What you have to do:
The material below has pictures in it. Set down only the lines from the line containing "2025新款美式小众polo领卫衣秋季宽松套头上衣中长款外套女装学生" through the line containing "بیشتر پاسخدهندگان بیسواد", word for word, and leave the pictures behind.

Material supplied:
=======
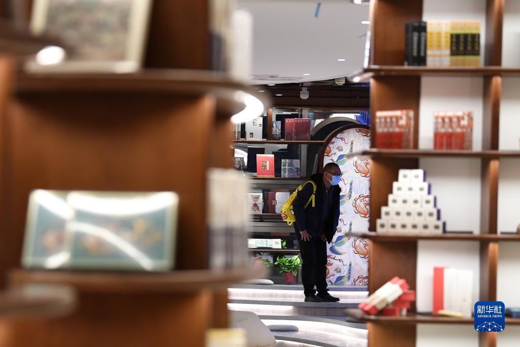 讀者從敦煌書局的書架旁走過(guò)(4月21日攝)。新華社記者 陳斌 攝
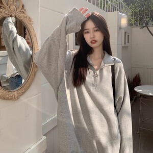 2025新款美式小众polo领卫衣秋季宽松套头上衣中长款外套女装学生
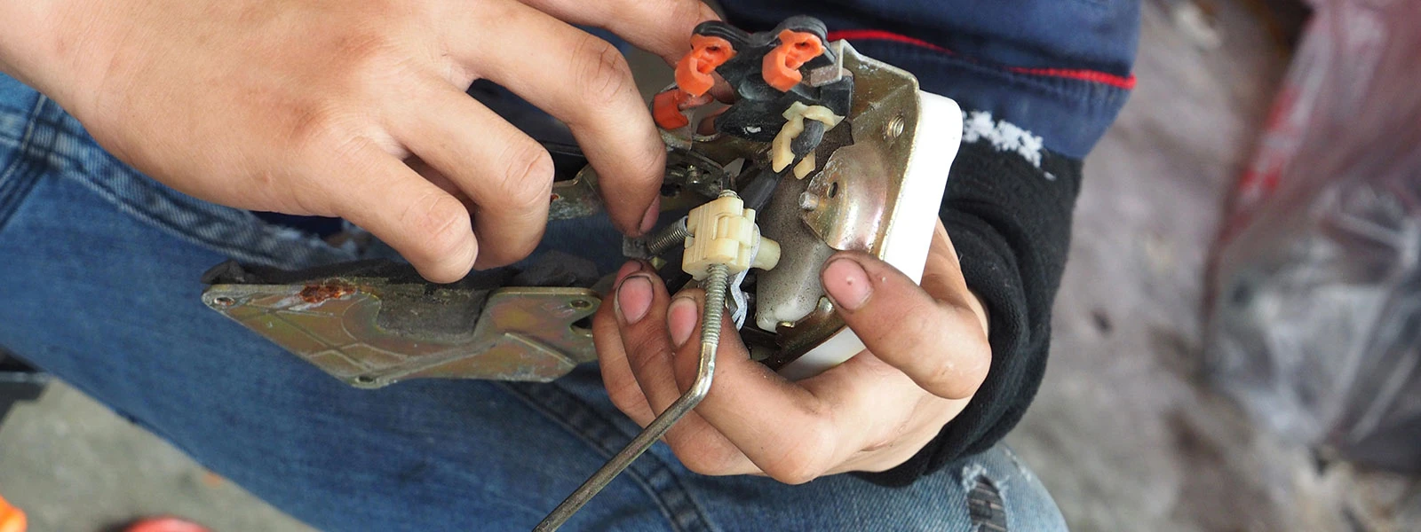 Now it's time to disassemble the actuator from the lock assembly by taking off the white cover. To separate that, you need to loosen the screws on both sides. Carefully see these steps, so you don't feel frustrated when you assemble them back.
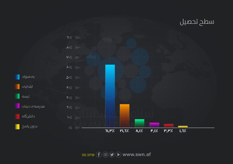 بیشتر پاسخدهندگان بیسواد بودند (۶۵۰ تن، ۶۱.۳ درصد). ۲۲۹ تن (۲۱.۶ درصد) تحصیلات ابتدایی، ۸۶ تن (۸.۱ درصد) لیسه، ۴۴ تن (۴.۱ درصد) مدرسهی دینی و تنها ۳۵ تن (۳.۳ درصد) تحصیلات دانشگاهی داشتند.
=======
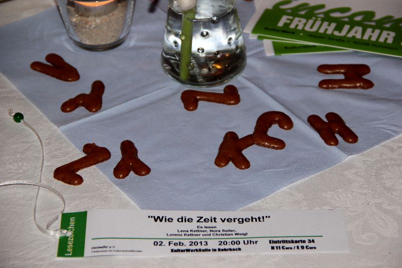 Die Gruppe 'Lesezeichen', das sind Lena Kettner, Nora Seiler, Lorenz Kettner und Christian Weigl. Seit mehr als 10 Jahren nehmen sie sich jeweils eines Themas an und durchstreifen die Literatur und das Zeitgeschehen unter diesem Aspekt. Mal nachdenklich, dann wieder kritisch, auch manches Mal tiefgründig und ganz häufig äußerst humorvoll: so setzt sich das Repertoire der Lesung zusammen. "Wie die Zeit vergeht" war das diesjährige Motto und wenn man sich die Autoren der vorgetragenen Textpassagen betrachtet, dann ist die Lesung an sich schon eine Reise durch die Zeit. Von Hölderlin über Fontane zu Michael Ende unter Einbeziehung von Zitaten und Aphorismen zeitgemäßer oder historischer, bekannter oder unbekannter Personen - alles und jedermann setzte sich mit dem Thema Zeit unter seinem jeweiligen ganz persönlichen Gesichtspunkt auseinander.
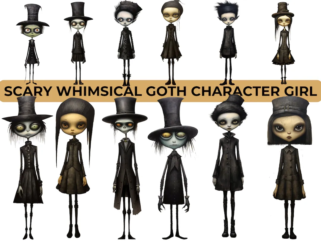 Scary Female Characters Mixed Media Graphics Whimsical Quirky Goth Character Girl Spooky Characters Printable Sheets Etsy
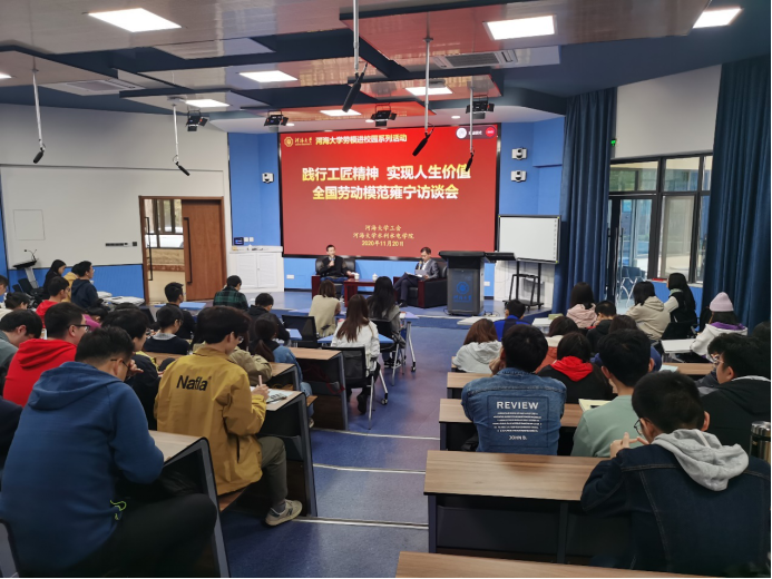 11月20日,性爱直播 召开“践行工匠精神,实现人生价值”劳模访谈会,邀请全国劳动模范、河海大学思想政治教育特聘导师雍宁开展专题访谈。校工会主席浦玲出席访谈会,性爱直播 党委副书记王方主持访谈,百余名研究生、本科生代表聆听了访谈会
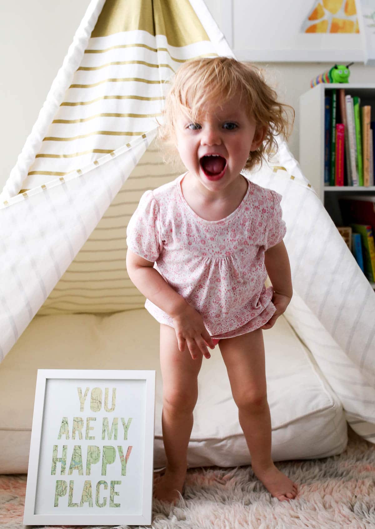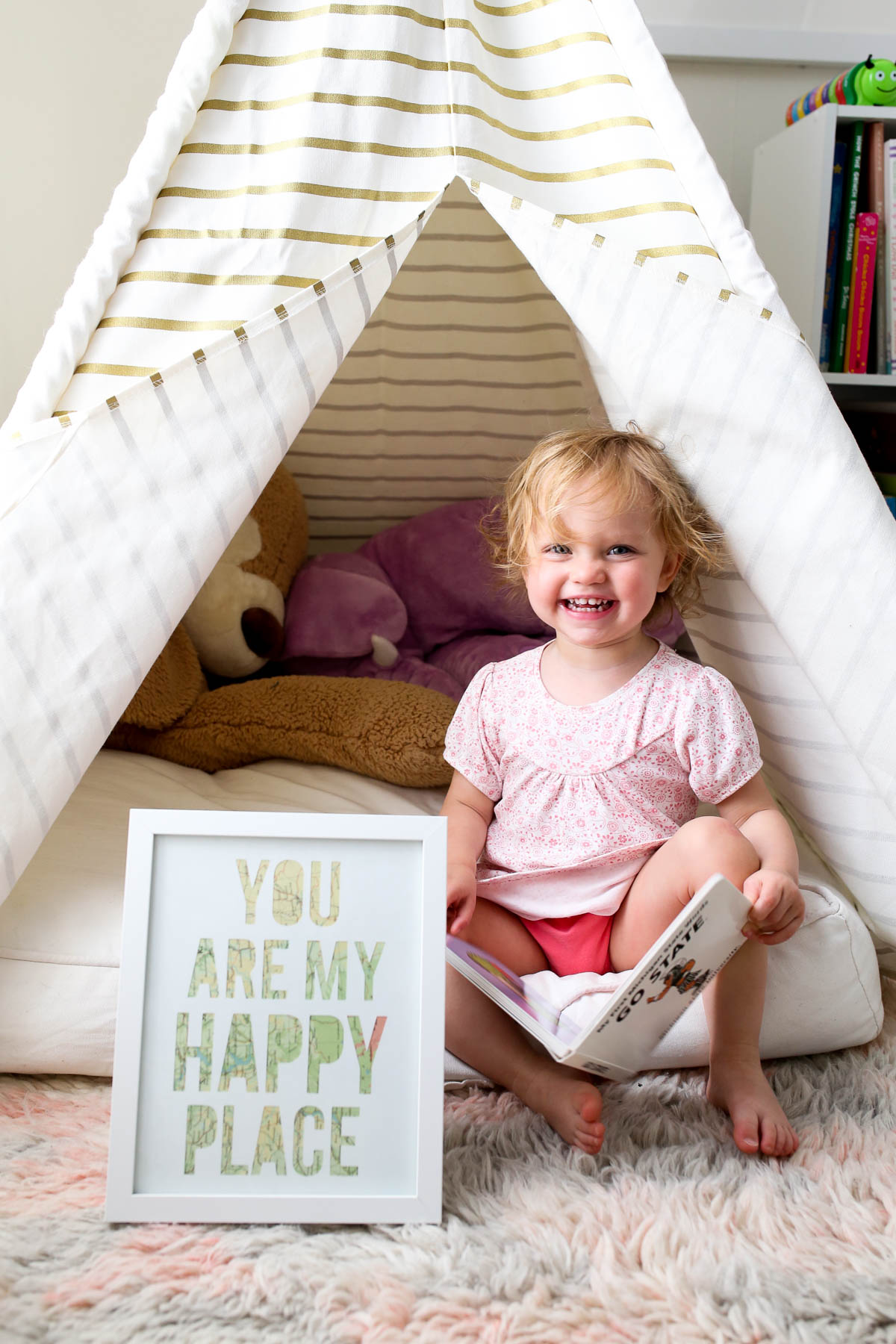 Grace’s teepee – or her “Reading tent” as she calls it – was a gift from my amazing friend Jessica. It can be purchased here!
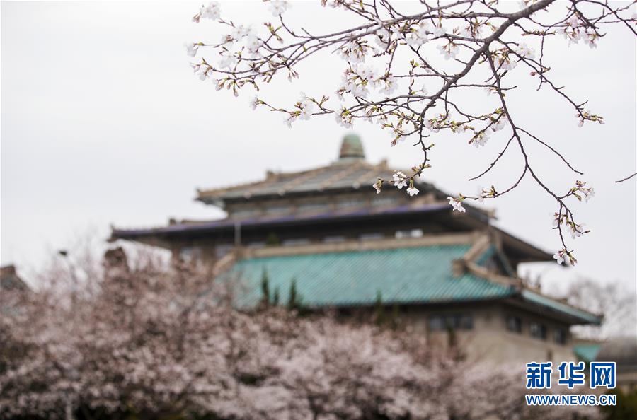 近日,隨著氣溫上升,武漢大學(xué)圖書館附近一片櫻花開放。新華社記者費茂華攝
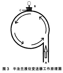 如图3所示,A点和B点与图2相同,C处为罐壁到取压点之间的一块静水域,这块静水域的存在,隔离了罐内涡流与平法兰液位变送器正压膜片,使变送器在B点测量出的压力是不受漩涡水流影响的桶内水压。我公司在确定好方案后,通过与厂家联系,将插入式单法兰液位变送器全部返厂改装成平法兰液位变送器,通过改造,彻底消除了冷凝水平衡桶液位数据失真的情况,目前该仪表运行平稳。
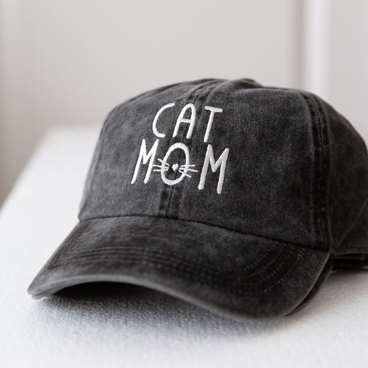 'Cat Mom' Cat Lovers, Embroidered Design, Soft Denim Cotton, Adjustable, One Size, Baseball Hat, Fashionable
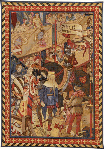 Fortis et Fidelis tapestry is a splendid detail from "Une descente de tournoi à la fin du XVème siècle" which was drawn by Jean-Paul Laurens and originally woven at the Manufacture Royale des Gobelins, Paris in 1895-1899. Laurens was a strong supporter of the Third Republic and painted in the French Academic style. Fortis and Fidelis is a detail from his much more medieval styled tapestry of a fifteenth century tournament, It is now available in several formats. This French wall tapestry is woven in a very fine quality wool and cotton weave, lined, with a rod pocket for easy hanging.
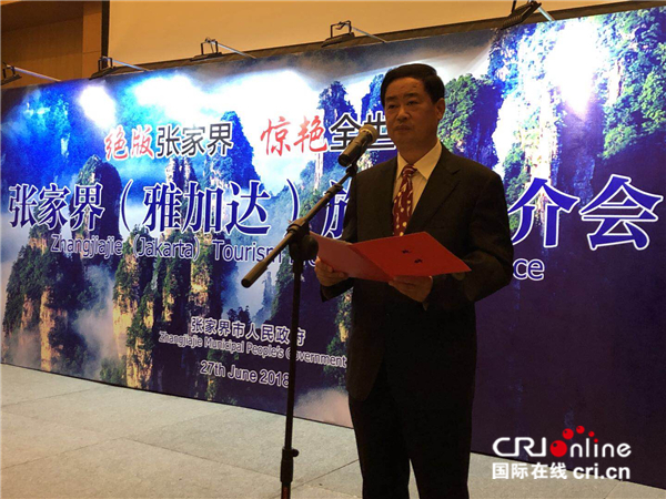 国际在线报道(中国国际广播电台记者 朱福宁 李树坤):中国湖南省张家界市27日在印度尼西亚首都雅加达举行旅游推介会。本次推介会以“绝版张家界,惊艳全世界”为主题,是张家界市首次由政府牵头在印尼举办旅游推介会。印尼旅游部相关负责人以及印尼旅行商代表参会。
=======
Exercise solution:
 2025新款美式小众polo领卫衣秋季宽松套头上衣中长款外套女装学生
 Now it's time to disassemble the actuator from the lock assembly by taking off the white cover. To separate that, you need to loosen the screws on both sides. Carefully see these steps, so you don't feel frustrated when you assemble them back.
 بیشتر پاسخدهندگان بیسواد بودند (۶۵۰ تن، ۶۱.۳ درصد). ۲۲۹ تن (۲۱.۶ درصد) تحصیلات ابتدایی، ۸۶ تن (۸.۱ درصد) لیسه، ۴۴ تن (۴.۱ درصد) مدرسهی دینی و تنها ۳۵ تن (۳.۳ درصد) تحصیلات دانشگاهی داشتند.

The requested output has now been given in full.